◆ What is being asked
Images appear in the records below; leave them out and repeat everything else exactly.

◆ Source data

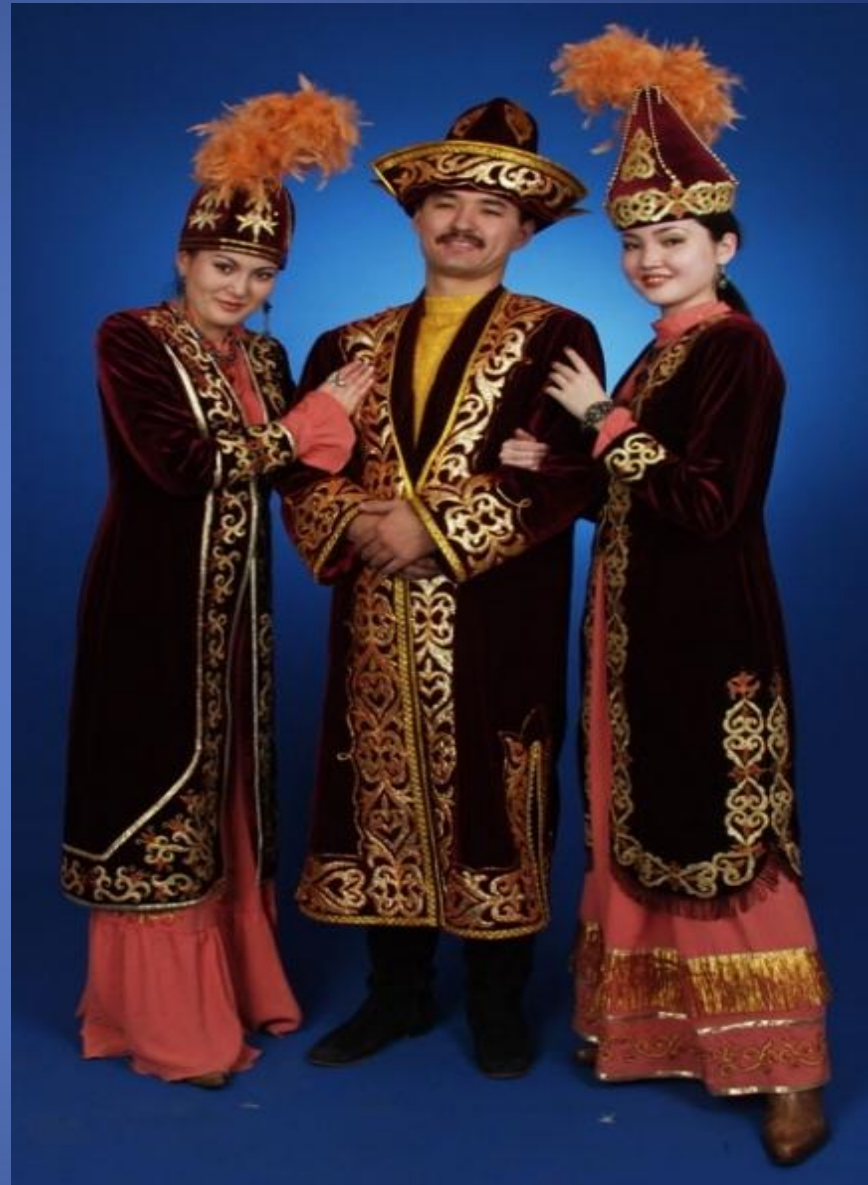
National clothes of Kazakh men
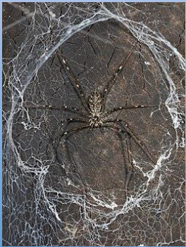
Lampshade Spider 1 ( Hypochilus from North Carolina)
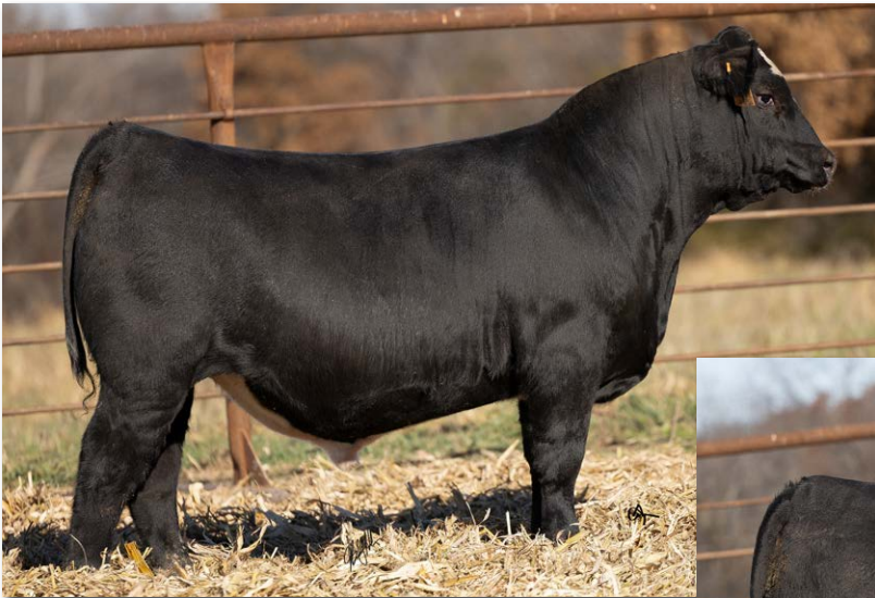
IRON CREEK RUTHLESS 9449M Sells as Lot 7.
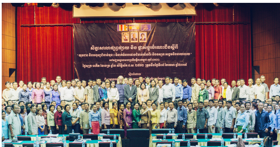
Dissemination workshop and knowledge sharing on Cambodia's young and older generation: Views on generational relations and key social and political issues, Phnom Penh, April 2019

findings and conclusions have been shared with a variety of key stakeholders working directly with youth in Cambodia. We also organised a large-scale workshop with almost 300 subnational officials in April 2019. We presented the findings to young people at a forum organised by Politkoffee, and a seminar convened by the Union of Youth Federations of Cambodia. There were also several small group presentations to the Ministry of Education, Youth and Sport, to civil society organisations through a lecture series organised by The Asia Foundation, and to development partners at brownbag meetings organised by the United Nations Resident Coordinator Office. Researchers also presented their work at regional and international conferences including the 10th Asian Conference on the Social Sciences in Tokyo on 20–22 May 2019, International Studies Association's Annual Convention in Toronto, Canada, on 27–30 March
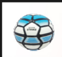
Star Strike footballs
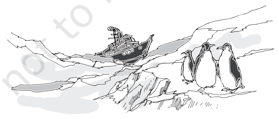
Journey to the end of the Earth \blacksquare 19

For a sun-worshipping South Indian like myself, two weeks in a place where 90 per cent of the Earth's total ice volumes are stored is a chilling prospect (not just for circulatory and metabolic functions, but also for the imagination). It's like walking into a giant ping-pong ball
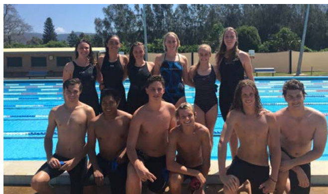
Boys and Girls 6 x 50 Relay teams
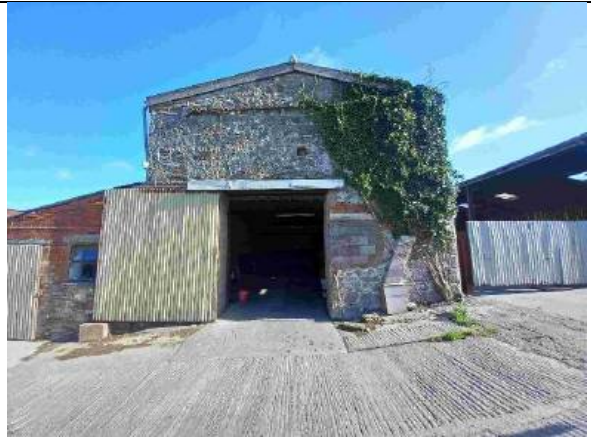
Photograph 8: Eastern elevation of B2
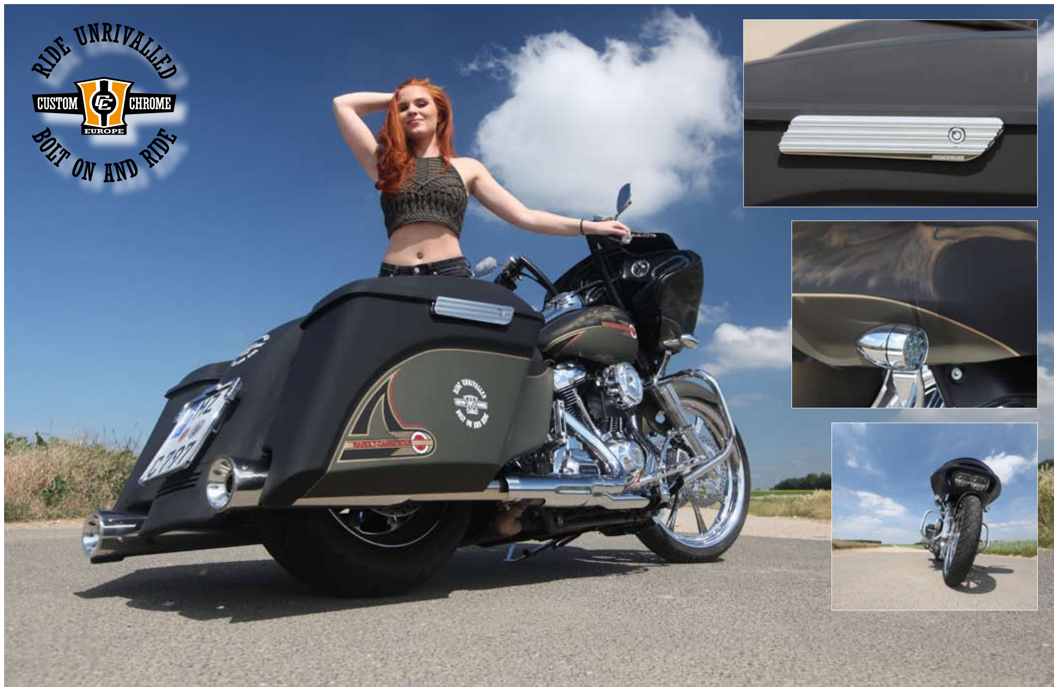
Yanina takes the handlebar: The Bagger conversion is suitable for most types of riders – if you are ready to control 400+ kg weight.
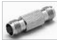
TNC Inline Splice TNC (F) to TNC (F)
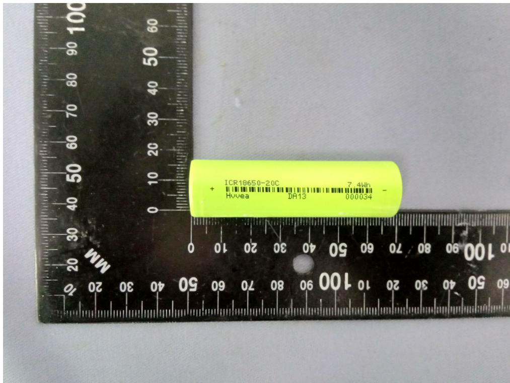
Figure 1 Overall view I of cell (外观图I)
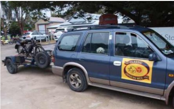
Mr Happy (dog) in the official COMCC car with Excelsior autobyk in tow

REMEMBER: These runs cater for the slower rider, back-up trailer always provided
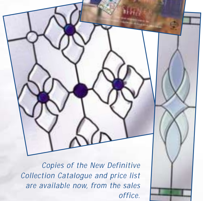
Copies of the New Definitive Collection Catalogue and price list are available now, from the sales office.
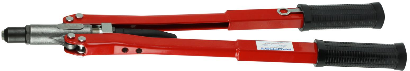
**K35F pictured above, K33F similar

This tool installs 3/16" & 1/4" Structural Rivets the extendable long arms provide the leverage required to set structural rivets quickly and easily.
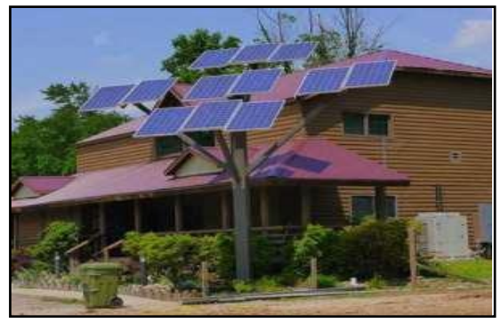
Figure. 1 solar tree structure

of a solar powered Brushless Direct Current (BLDC) motor driven electric vehicle was done. Immanuel selected the appropriate components for the application and the various components for the same are subjected to various tests, cross checked with simulationresults.
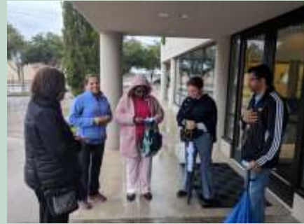
Girl Scout Silver Award:

YOUR SAFE ENVIRONMENT TRAINING MUST BE CURRENT.
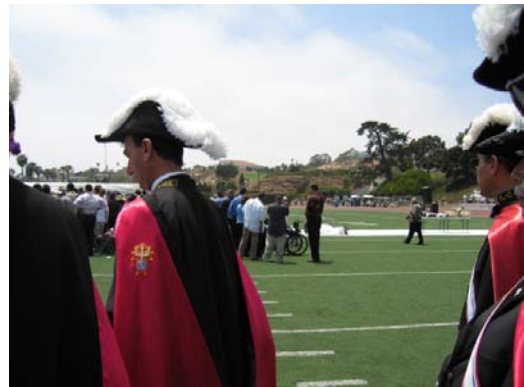
The deacons prostrated themselves before the Cardinal.
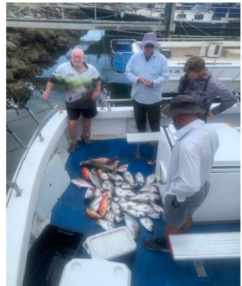
"Where do we start?"

So on to Evan's Head we go in his new BMW, to try our luck. A night's stay at the cabins at the Bowling Club, and as he won a brekky tray at the Bowlo, we had a hearty breakfast and onto the boat ("Pirate") at 5.30am. There were four others on the boat as well, but I was the only fisherman of 4 previous trips. Two hours out and we were onto some reasonable snapper by NSW sizes. I could see by the smile on my friend's face that maybe this was all he needed to get his mojo back. We caught 35 fish that day, mostly by my mate and myself, so after cleaning, filleting, and packing and splitting 6 ways, we all went and had a coldie at the local hotel and parted our ways.

◆ Result for this task
National clothes of Kazakh men
Lampshade Spider 1 ( Hypochilus from North Carolina)
IRON CREEK RUTHLESS 9449M Sells as Lot 7.
Dissemination workshop and knowledge sharing on Cambodia's young and older generation: Views on generational relations and key social and political issues, Phnom Penh, April 2019

findings and conclusions have been shared with a variety of key stakeholders working directly with youth in Cambodia. We also organised a large-scale workshop with almost 300 subnational officials in April 2019. We presented the findings to young people at a forum organised by Politkoffee, and a seminar convened by the Union of Youth Federations of Cambodia. There were also several small group presentations to the Ministry of Education, Youth and Sport, to civil society organisations through a lecture series organised by The Asia Foundation, and to development partners at brownbag meetings organised by the United Nations Resident Coordinator Office. Researchers also presented their work at regional and international conferences including the 10th Asian Conference on the Social Sciences in Tokyo on 20–22 May 2019, International Studies Association's Annual Convention in Toronto, Canada, on 27–30 March
Star Strike footballs
Journey to the end of the Earth \blacksquare 19

For a sun-worshipping South Indian like myself, two weeks in a place where 90 per cent of the Earth's total ice volumes are stored is a chilling prospect (not just for circulatory and metabolic functions, but also for the imagination). It's like walking into a giant ping-pong ball
Boys and Girls 6 x 50 Relay teams
Photograph 8: Eastern elevation of B2
Yanina takes the handlebar: The Bagger conversion is suitable for most types of riders – if you are ready to control 400+ kg weight.
TNC Inline Splice TNC (F) to TNC (F)
Figure 1 Overall view I of cell (外观图I)
Mr Happy (dog) in the official COMCC car with Excelsior autobyk in tow

REMEMBER: These runs cater for the slower rider, back-up trailer always provided
Copies of the New Definitive Collection Catalogue and price list are available now, from the sales office.
**K35F pictured above, K33F similar

This tool installs 3/16" & 1/4" Structural Rivets the extendable long arms provide the leverage required to set structural rivets quickly and easily.
Figure. 1 solar tree structure

of a solar powered Brushless Direct Current (BLDC) motor driven electric vehicle was done. Immanuel selected the appropriate components for the application and the various components for the same are subjected to various tests, cross checked with simulationresults.
Girl Scout Silver Award:

YOUR SAFE ENVIRONMENT TRAINING MUST BE CURRENT.
The deacons prostrated themselves before the Cardinal.
"Where do we start?"

So on to Evan's Head we go in his new BMW, to try our luck. A night's stay at the cabins at the Bowling Club, and as he won a brekky tray at the Bowlo, we had a hearty breakfast and onto the boat ("Pirate") at 5.30am. There were four others on the boat as well, but I was the only fisherman of 4 previous trips. Two hours out and we were onto some reasonable snapper by NSW sizes. I could see by the smile on my friend's face that maybe this was all he needed to get his mojo back. We caught 35 fish that day, mostly by my mate and myself, so after cleaning, filleting, and packing and splitting 6 ways, we all went and had a coldie at the local hotel and parted our ways.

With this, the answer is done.